Garden graft

2 September 2010 | Essays, Non-fiction

A chapter from Vapaasti versoo. Rönsyjä puutarhasta (‘Freely sprouting. Runners from the garden’, Kirjapaja, 2010)

If you sit in your garden and feel a bit like you’re tucked uncomfortably at the end of the dock in a guest berth, the reason is this: the garden hasn’t yet found a place in your muscle memory. Because it is only at the point when the garden has settled into your muscle memory, into your senses in as many ways as possible, that it will feel like your own. And that, of course, takes working in the garden, not just sitting in it.

So you should know your rose – not just its lovely smell but also the memory that you get from the shovel handle of when you planted it, or even the memory of the prick of its thorn on your finger. You can anchor every little detail in your senses, and it doesn’t even take much imagination. The scent of thyme on your fingertips, the downy fluff of a pasque flower against your palm, the silken glow of a peony opening in the morning sunlight – or the sumptuous mist of the wee hours of a summer morning twining over everything, and the rare experience of wading through it.

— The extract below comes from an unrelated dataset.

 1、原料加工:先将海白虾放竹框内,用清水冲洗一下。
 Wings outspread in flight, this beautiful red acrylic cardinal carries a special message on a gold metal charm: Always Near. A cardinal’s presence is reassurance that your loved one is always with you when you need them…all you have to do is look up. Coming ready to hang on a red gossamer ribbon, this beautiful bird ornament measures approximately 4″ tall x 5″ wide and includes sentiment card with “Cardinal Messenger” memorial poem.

Etching a garden into your muscle memory and senses doesn’t happen in a moment, or two moments; it’s a long-term project. If you’ve felt the yard work in your limbs many times, you can take consolation in knowing that without going to that trouble the garden will never be known to you, never be your own. Overdoing it, of course, is another matter. There’s no need to  break you back for the sake of your muscle memory (says the woman who has made that very mistake). We sense things at a different pace than you might think; we need to give our senses time, they need to be awakened. When, at the end of winter, we feel oversensitive to the light, the scents and sounds, it’s because we’re partly frozen. The long period in the sterile indoors has done its work.

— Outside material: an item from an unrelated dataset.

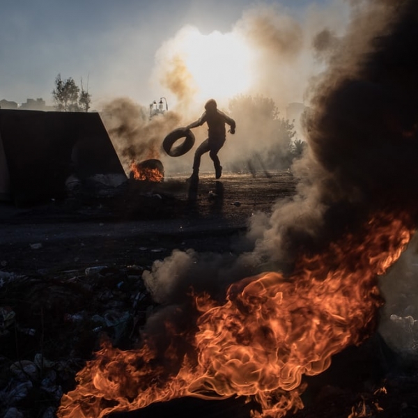 ქრის მაკგრათი - რამალა, პალესტინა: პროტესტის მონაწილე ისრაელის სპეცრაზმთან შეტაკებისას ცეცხლში საბურავს აგდებს.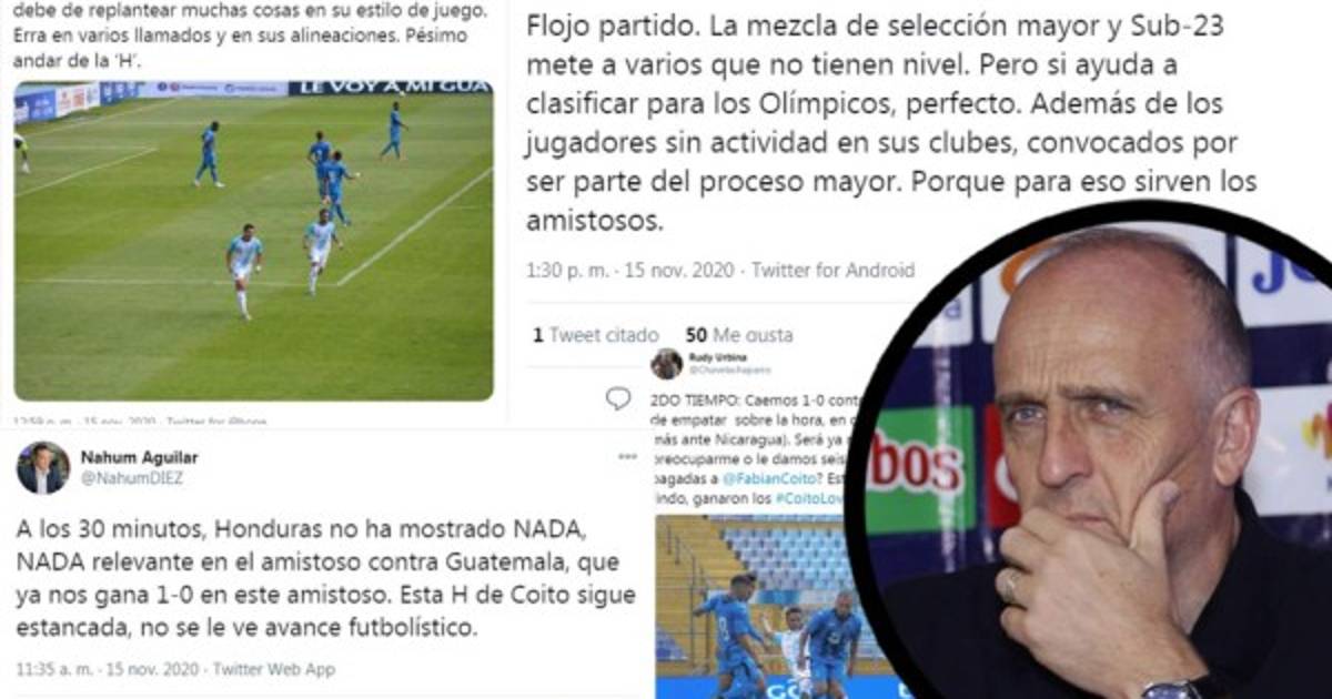 1 / 14Honduras ha sido criticada tras perder ante Guatemala en Ciudad de Guatemala y Fabián Coito está en el ojo del huracán, repasaremos algunos comentarios que se dieron en redes sociales donde se tilda de culpable al técnico de la Bicolor, algunos incluso piden su salida. -

A gardener is happiest when she’s worked on a spot for a long time and sees it come to fruition.  A yard can be got ready-made, but a garden is another matter. If you start at the very beginning, every square metre of the plot can be connected to muscle memory. The bite of a shovel here, shifting a stone there, planting, raking, perhaps edging a flower bed. You feel it in your bones, in your core – why not in your muscle memory?

It’s moving to hear how precisely garden people remember their garden tasks. The journey from planting your first apple seedling to the time when the tree produces its first edible apple. Or when, after twenty years, you finally see the candlestick blossoms of a horse chestnut tree, long after giving up hope. Or when a peony grown from seed has enough roots to divide, to grace the ages. I never tire of hearing garden stories.

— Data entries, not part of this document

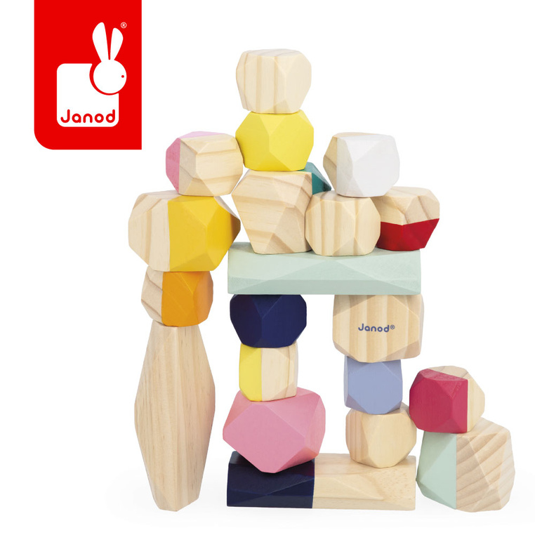 Откријте прекрасна манипулативна играчка што ја поттикнува имагинацијата кај деца од 2 години и нагоре! Овој сет се состои од 20 дрвени камчиња, секое со различна форма и обработка. Тие доаѓаат во разновидни бои со живописни нијанси. Со редење на овие 20 лесни дрвени камчиња, детето ќе открие како да гради и да одржува рамнотежа. Може слободно да експериментира, комбинирајќи ги елементите по сопствен избор и обидувајќи се да изгради што повисока конструкција!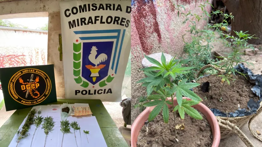 En la casa del barrio Jardín incautaron un frasco de vidrio trasparente con cogollos de marihuana con un peso de 31 gramos, dos recipientes plásticos con semillas que pesaban 9 gramos, seis plantas con hojas tipo organolépticas propias del cáñamo, $ 9.000 pesos en efectivo y un celular. Dos ciudadanos fueron demorados.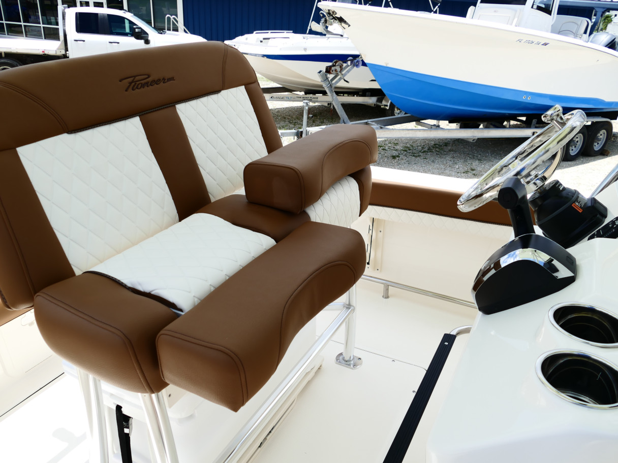 This new 2026 Pioneer 222 Islander is powered with a DF250APXW5 Suzuki Outboard! This boat has a Abaco Green hull, stainless steel props, JL Audio stereo & 4 speakers, Dual Pro 2 bank battery charger, trolling motor plug, bow table with cushion, raw & fresh water wash down kits, Deluxe hard top with radio box & spreaders, Marine toilet with overboard discharge, 2nd livewell, leanpost tackle/cooler (65qts), underwater LED lights & much more!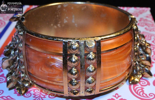 BRACELET BANGLE VINTAGE ORANGE ENAMEL GOLD BELLS INDIAN BELLY DANCER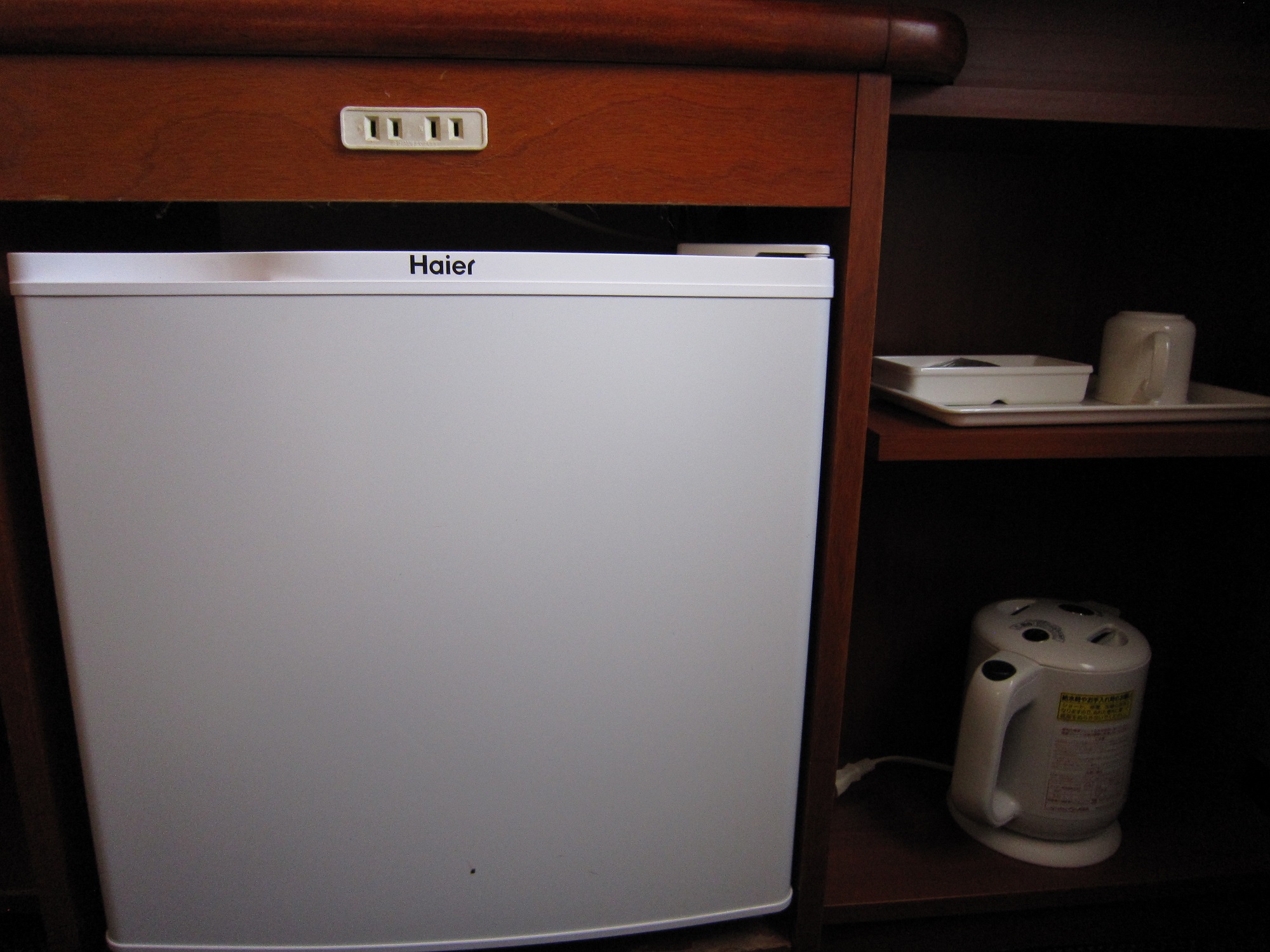 ・・・で、コンセントはどこにあるのかと思ったら、冷蔵庫の上にありました。数が少なく、使い勝手が良くないと気付いているのか、各部屋にテーブルタップが置いてありました。また、冷蔵庫は空です。冷蔵庫の隣には、ポットが置いてあります。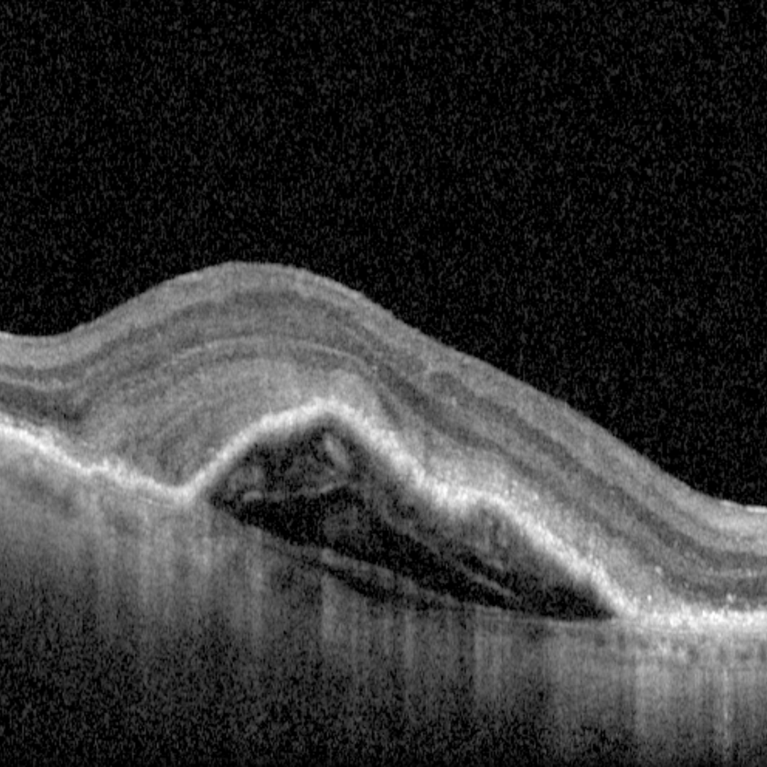 A serous PED is a localised, dome-shaped RPE elevation showing internal hypo-reflectivity in the space between the RPE and Bruch’s membrane. A serous PED does not change the reflectivity of underlying structures.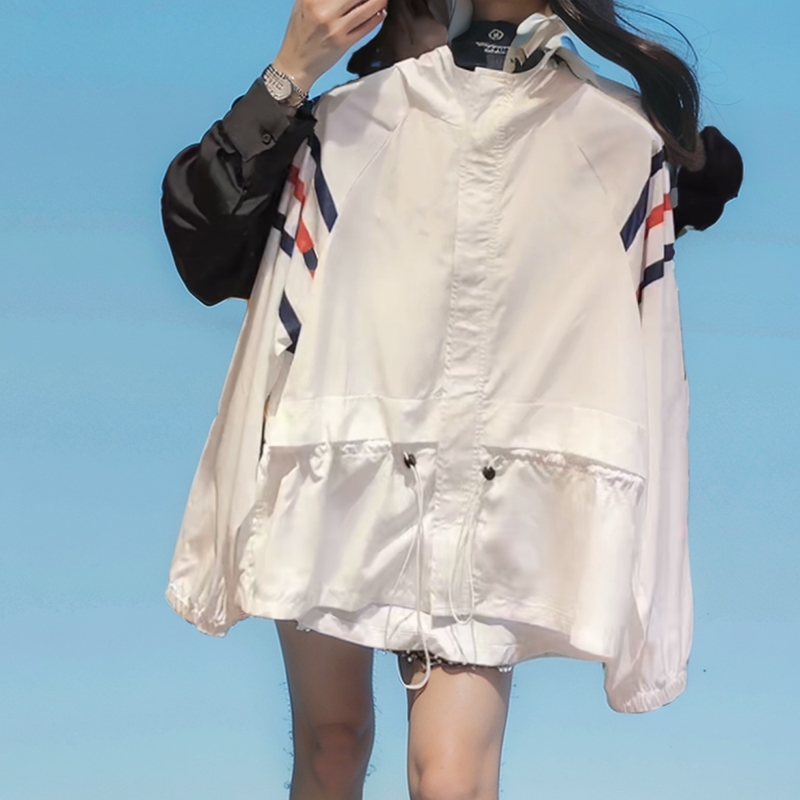 欧货时尚新款防晒衣女外套薄款冲锋衣夏季宽松显瘦连帽百搭夹克

When I run into an elderly friend, I feel a great gratitude: they’ve passed many a baton to me in one way or another. The world is  a very narrow place when all our doings are with people our own age. We should strive to live in both directions: reaching to what has been as well as ahead, to what will be. When we abandon old people to their own devices, in institutions or in other ways, we abandon our own future selves. With those kind of deeds we make our own future grim –  can we really afford that?A garden often functions as a calendar, a sort of an open, illustrated diary for those who work it. I maintain that for many older people the garden also stimulates the memory. The aesthetic experience that surrounds us in the garden arouses the senses, anchors images in our minds, calms and delights us, enlivens and makes whole again things that we thought we had lost. Memories are carved out of places, people, and things. People want to carry these things with them, as part of their identity. They don’t weigh us down at all, yet there is nothing more weighty. The moment we lose them, we lose ourselves. An inherited garden, passed down in the family, is a rare thing. It may be in the muscle memories of numerous generations, and that is really something. If you have the privilege of taking care of such an inherited garden, it can function for future generations not just as a garden, but also a bit like poems that the gardener has hidden away here and there. Each person will interpret it in their own way, though there are always those for whom such a poem holds no interest. When I see a bulldozer and builder’s booth in a fine, old garden, I’m overcome with an inexpressible sadness, even though there may be a good reason for it – serious matters like real estate sales, new apartments or roads. When an old garden goes, more than one garden is nullified.

A worker at the dump once told me what the saddest sight in the world is: photo albums in the trash. So many homeless memories that no one has time to grieve an individual photograph.

Plants don’t grieve, they generally grow where they are planted, or else they stop growing. They don’t remember us, but we remember them. New life will come to take their place, whether we like it or not.

I’m sitting in the evening on the largest stone in my garden, on Derelict Hill. There are so many mole tunnels that I wouldn’t wonder if the stone disappeared into the earth and took this green-thumb with it. I guess that would stay in my muscle memory, too.